### Data
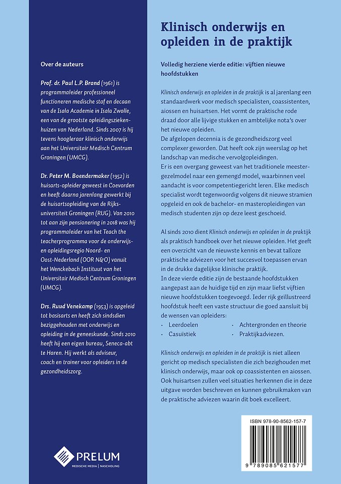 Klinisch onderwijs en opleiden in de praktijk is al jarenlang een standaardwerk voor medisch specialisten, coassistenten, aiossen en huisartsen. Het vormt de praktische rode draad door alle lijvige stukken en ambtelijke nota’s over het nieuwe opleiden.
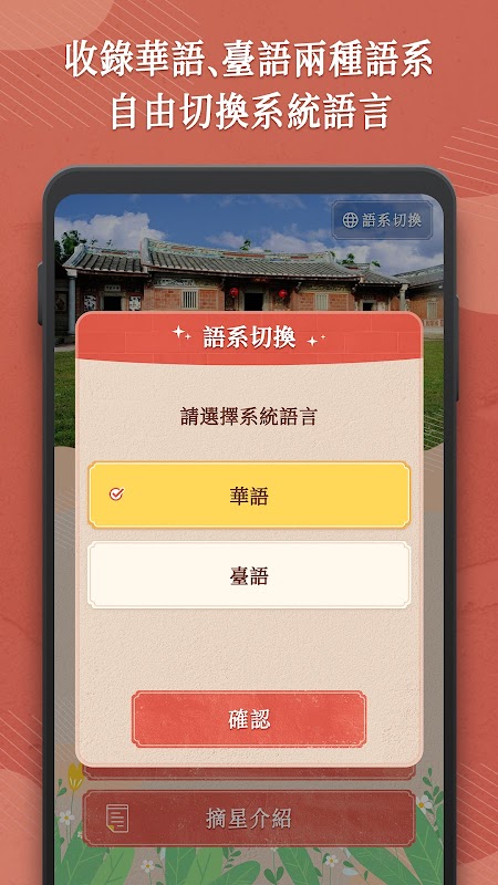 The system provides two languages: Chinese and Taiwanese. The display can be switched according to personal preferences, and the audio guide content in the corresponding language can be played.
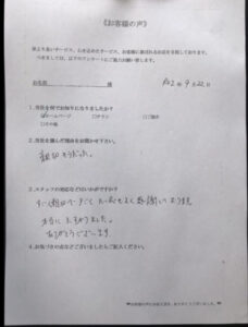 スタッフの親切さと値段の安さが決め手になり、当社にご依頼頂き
######
### Data
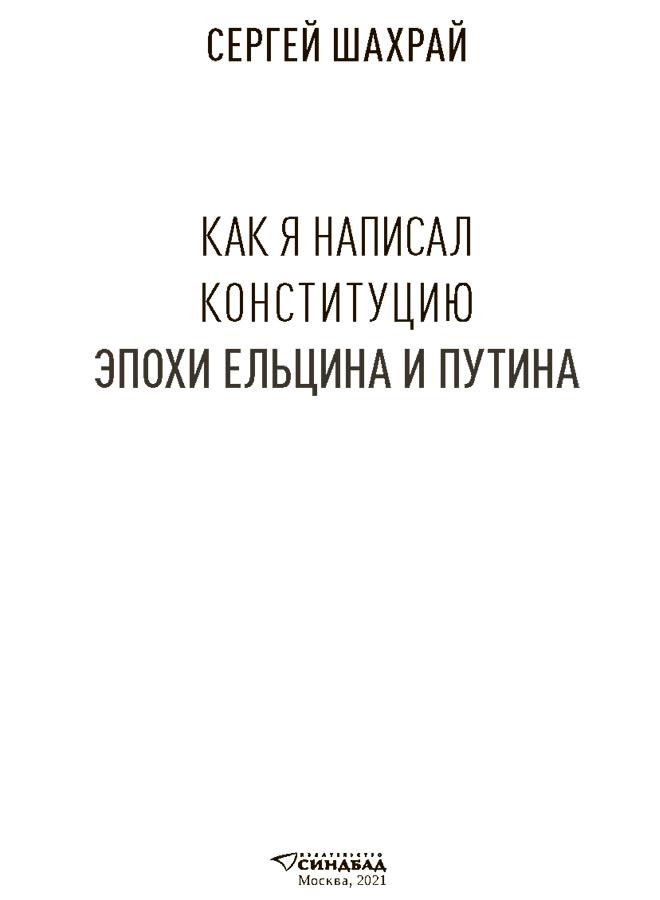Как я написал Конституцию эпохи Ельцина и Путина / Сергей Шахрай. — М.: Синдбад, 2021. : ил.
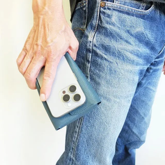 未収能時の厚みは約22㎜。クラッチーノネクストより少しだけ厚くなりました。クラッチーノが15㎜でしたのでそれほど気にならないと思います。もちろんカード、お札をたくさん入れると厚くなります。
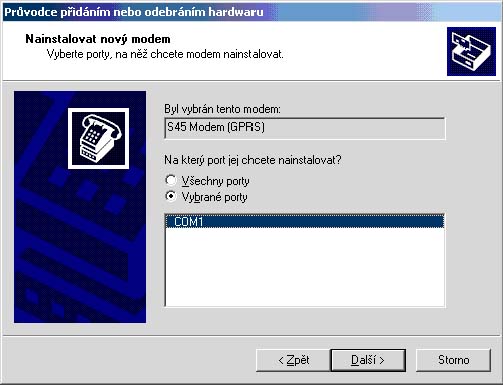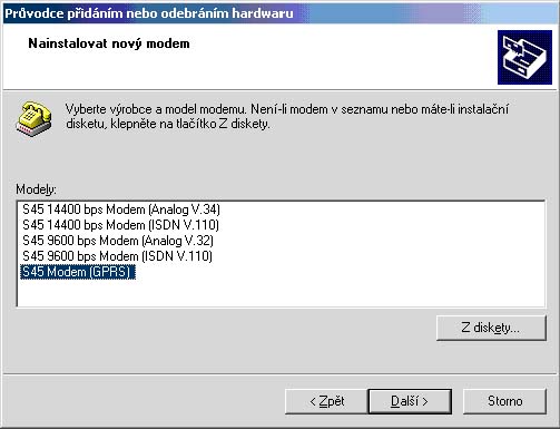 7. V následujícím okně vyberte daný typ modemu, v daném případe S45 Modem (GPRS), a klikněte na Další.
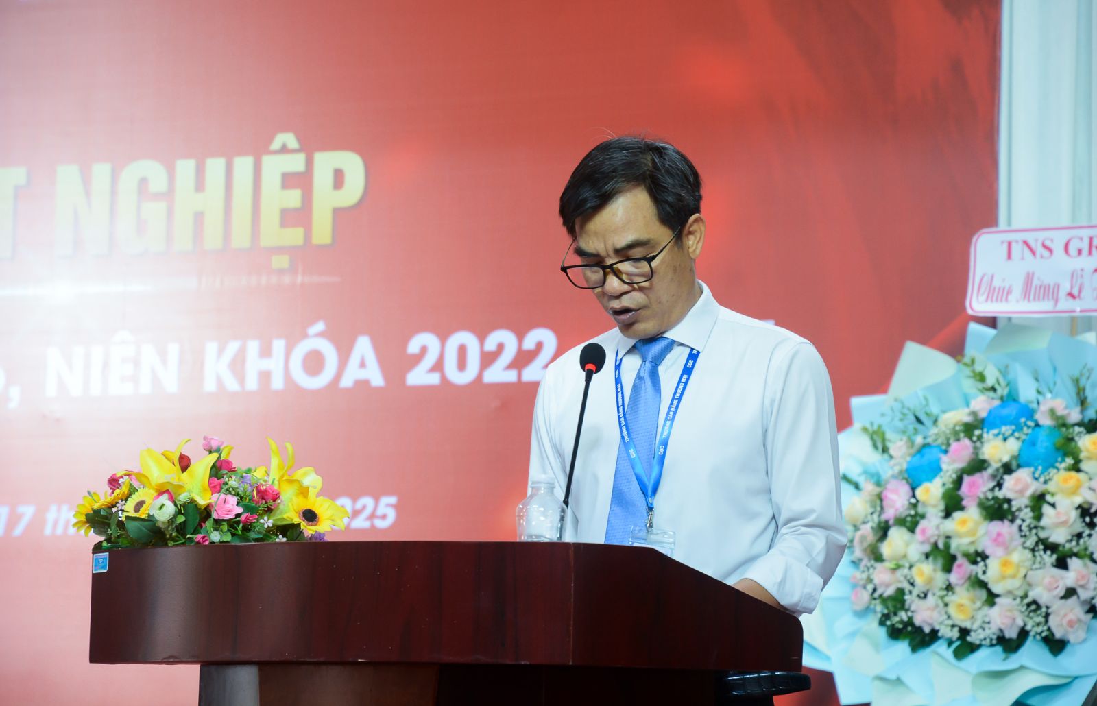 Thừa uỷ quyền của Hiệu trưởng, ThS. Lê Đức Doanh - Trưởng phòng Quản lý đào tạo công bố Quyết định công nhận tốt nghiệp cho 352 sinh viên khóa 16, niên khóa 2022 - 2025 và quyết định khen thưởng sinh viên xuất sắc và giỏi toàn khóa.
######
### Data
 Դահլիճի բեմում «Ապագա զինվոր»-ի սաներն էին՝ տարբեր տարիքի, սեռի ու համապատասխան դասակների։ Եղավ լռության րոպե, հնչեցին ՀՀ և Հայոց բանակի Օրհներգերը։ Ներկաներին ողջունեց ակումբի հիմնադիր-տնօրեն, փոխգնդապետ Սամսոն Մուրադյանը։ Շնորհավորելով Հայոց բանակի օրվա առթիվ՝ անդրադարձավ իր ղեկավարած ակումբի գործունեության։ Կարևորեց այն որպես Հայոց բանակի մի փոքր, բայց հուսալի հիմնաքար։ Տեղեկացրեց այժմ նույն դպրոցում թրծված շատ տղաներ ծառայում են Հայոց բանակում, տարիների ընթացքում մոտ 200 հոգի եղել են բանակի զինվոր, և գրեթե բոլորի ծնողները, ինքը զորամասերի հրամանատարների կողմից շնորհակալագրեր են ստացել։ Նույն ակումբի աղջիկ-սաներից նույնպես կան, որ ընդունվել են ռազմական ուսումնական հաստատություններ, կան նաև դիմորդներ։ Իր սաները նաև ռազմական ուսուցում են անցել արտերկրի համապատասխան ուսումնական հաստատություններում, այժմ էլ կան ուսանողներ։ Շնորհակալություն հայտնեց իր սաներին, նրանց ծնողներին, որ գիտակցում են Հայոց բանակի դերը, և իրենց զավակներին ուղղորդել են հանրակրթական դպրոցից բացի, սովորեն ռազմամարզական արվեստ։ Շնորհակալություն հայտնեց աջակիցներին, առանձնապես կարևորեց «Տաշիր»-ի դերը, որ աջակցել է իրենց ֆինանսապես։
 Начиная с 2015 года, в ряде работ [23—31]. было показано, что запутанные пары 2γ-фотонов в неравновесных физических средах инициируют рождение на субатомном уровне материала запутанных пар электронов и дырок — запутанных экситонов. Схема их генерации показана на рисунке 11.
######
About this exercise: Would you restate, exactly and with no pictures, the lines of the entries above from the one containing "The system provides" through the one containing "スタッフの親切さと値段の安さが決め手になり、当社にご依頼頂き"?

Answer box:
 The system provides two languages: Chinese and Taiwanese. The display can be switched according to personal preferences, and the audio guide content in the corresponding language can be played.
 スタッフの親切さと値段の安さが決め手になり、当社にご依頼頂き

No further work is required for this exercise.